Aim of the exercise
Although the records contain pictures, only their text should be set down, exactly as written.
*** Opening of Data ***
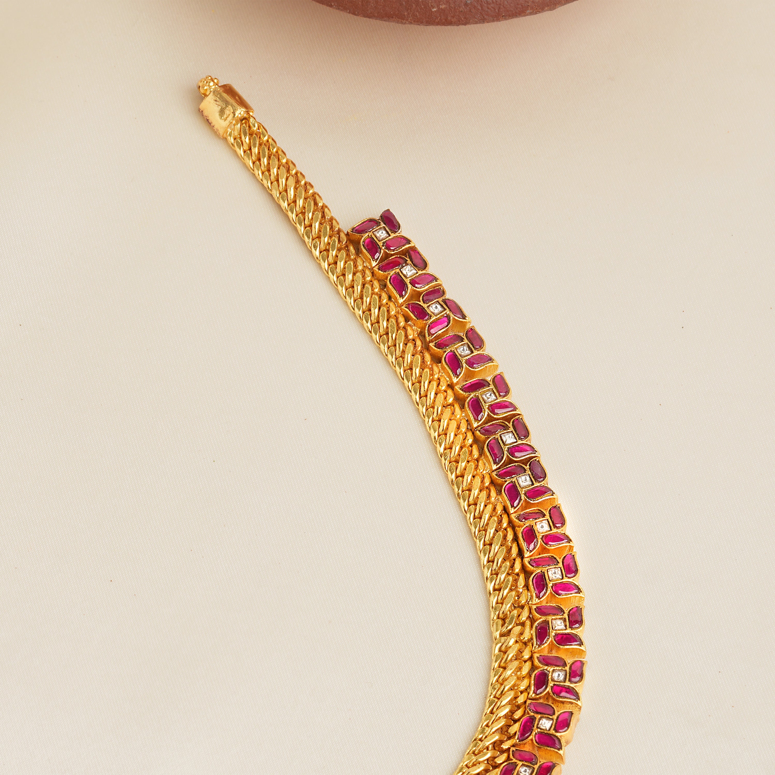 Design: Classic Kundan necklace with ruby stones and woven gold chain
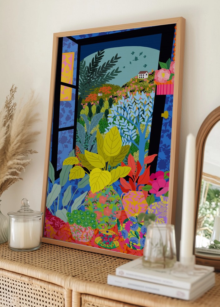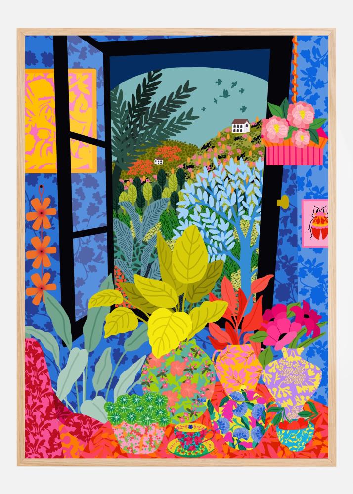 Denna färgsprakande poster fångar blicken med sitt lekfulla motiv av en öppen fönsterram som bjuder in till en värld fylld av liv och natur. Bjärta färger dominerar affischen där man kan se en frodig samling av växter i olika nyanser av grönt, gult, rosa och rött. Genom fönstret skymtar en pittoresk landskapsvy med ett litet hus och böljande kullar, perfekt för att drömma sig bort till lugnet på landsbygden.
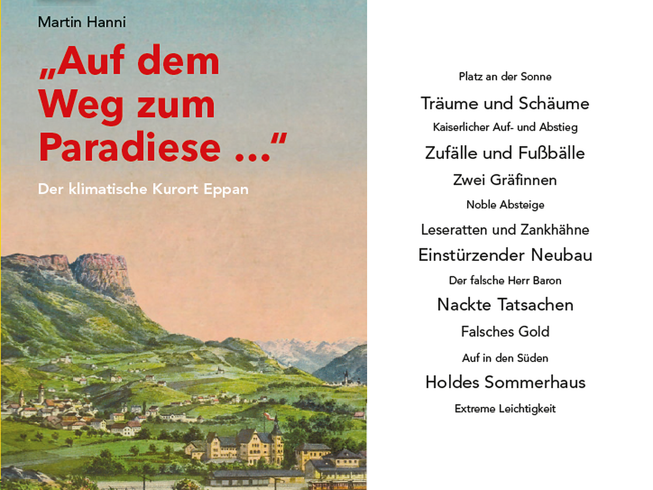 Geführter Spaziergang durch St. Michael und Umgebung mit Autor Martin Hanni. Martin wird die verschiedensten Anekdoten zu Gebäuden, Persönlichkeiten und Ereignissen erzählen und aus dem Nähkästchen plaudern. Eine Lesung aus seinem neu erschienenen Buch "Auf dem Weg zum Paradiese - Der klimatische Kurort Eppan" im Lanserhaus rundet einen interessanten Nachmittag ab.
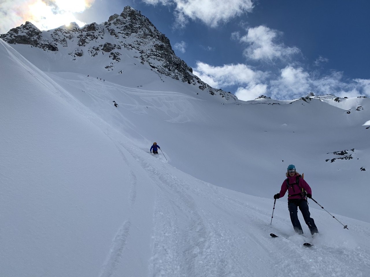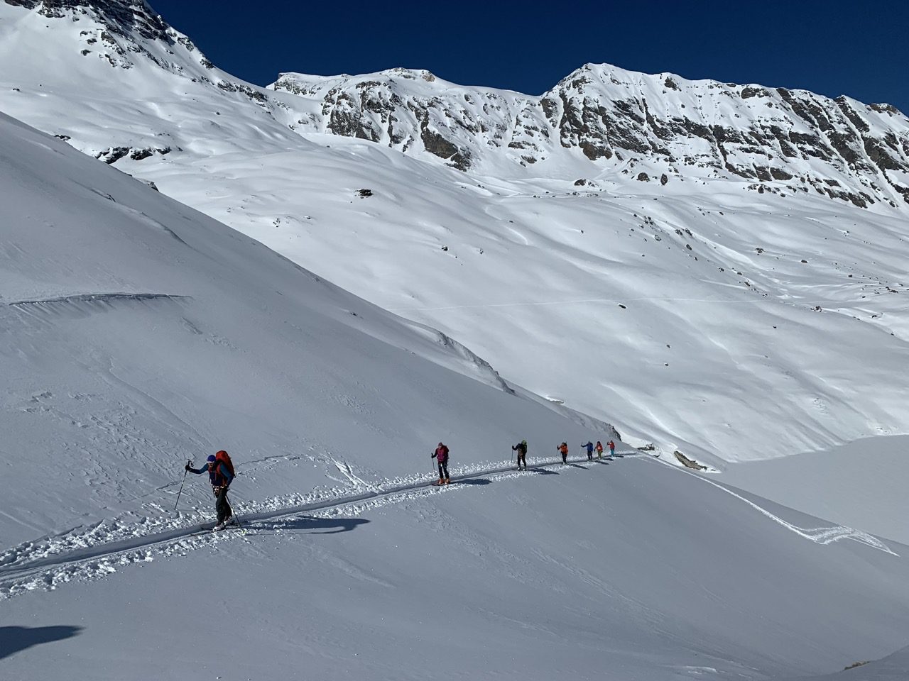 Participants have to be able to skin up and ski down up to 1500 vertical meters in a day and ski decent up to 35° in good conditions, moderate mountaineering skills (crampons and ice axe).
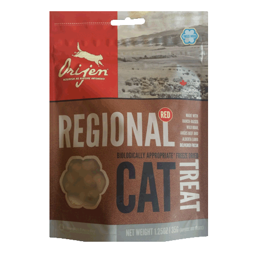 Orijen Freeze-Dried Regional Red Cat TreatsYour cat is a carnivore, evolved to thrive on whole prey that perfectly matches her nutrient needs. That's why Orijen treats are made with 100% meat, poultry or fish - all delivered fresh to nourish your cat as nature intended.Ingredients: Boneless Wild Boar, Boneless Beef, Boneless Lamb, Wild Boar Liver, Lamb Liver, Beef LiverGuaranteed Analysis: Crude Protein (min.) 40%, Crude Fat (min.) 40%, Crude Fiber (max.) 1%, Moisture (max.) 2%Calorie Content:Less than 3 calories per treat
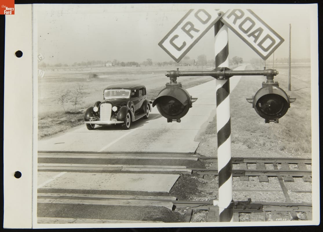 Car Stopped by Signal Light at Railroad Crossing, October 1935
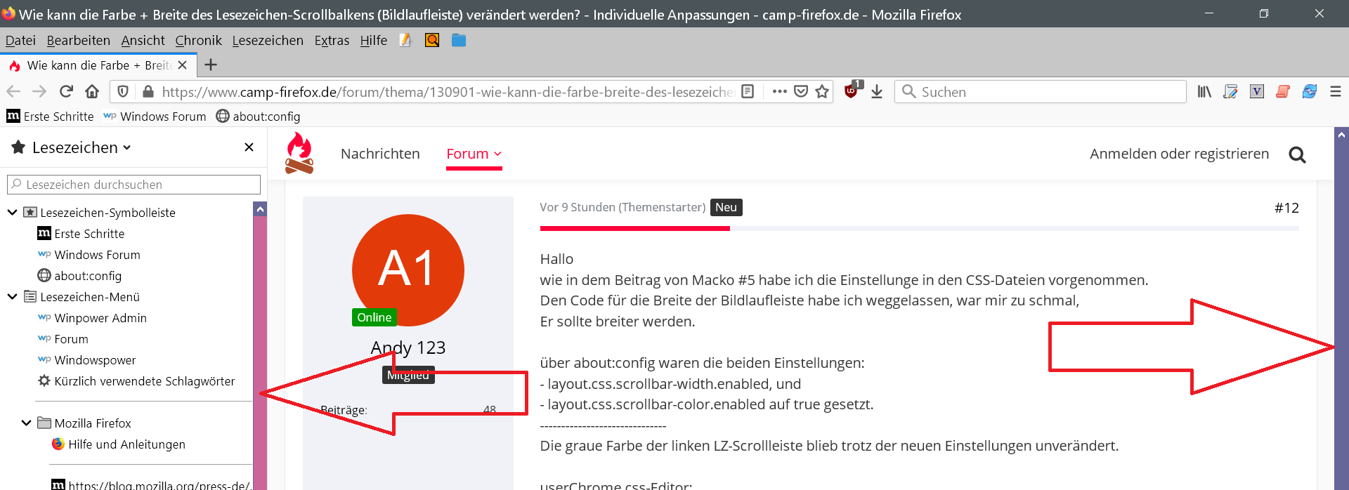 Wie kann die Farbe + Breite des Lesezeichen-Scrollbalkens (Bildlaufleiste) verändert werden?
*** Close of Data ***
Answer below
 Design: Classic Kundan necklace with ruby stones and woven gold chain
 Denna färgsprakande poster fångar blicken med sitt lekfulla motiv av en öppen fönsterram som bjuder in till en värld fylld av liv och natur. Bjärta färger dominerar affischen där man kan se en frodig samling av växter i olika nyanser av grönt, gult, rosa och rött. Genom fönstret skymtar en pittoresk landskapsvy med ett litet hus och böljande kullar, perfekt för att drömma sig bort till lugnet på landsbygden.
 Geführter Spaziergang durch St. Michael und Umgebung mit Autor Martin Hanni. Martin wird die verschiedensten Anekdoten zu Gebäuden, Persönlichkeiten und Ereignissen erzählen und aus dem Nähkästchen plaudern. Eine Lesung aus seinem neu erschienenen Buch "Auf dem Weg zum Paradiese - Der klimatische Kurort Eppan" im Lanserhaus rundet einen interessanten Nachmittag ab.
 Participants have to be able to skin up and ski down up to 1500 vertical meters in a day and ski decent up to 35° in good conditions, moderate mountaineering skills (crampons and ice axe).
 Orijen Freeze-Dried Regional Red Cat TreatsYour cat is a carnivore, evolved to thrive on whole prey that perfectly matches her nutrient needs. That's why Orijen treats are made with 100% meat, poultry or fish - all delivered fresh to nourish your cat as nature intended.Ingredients: Boneless Wild Boar, Boneless Beef, Boneless Lamb, Wild Boar Liver, Lamb Liver, Beef LiverGuaranteed Analysis: Crude Protein (min.) 40%, Crude Fat (min.) 40%, Crude Fiber (max.) 1%, Moisture (max.) 2%Calorie Content:Less than 3 calories per treat
 Car Stopped by Signal Light at Railroad Crossing, October 1935
 Wie kann die Farbe + Breite des Lesezeichen-Scrollbalkens (Bildlaufleiste) verändert werden?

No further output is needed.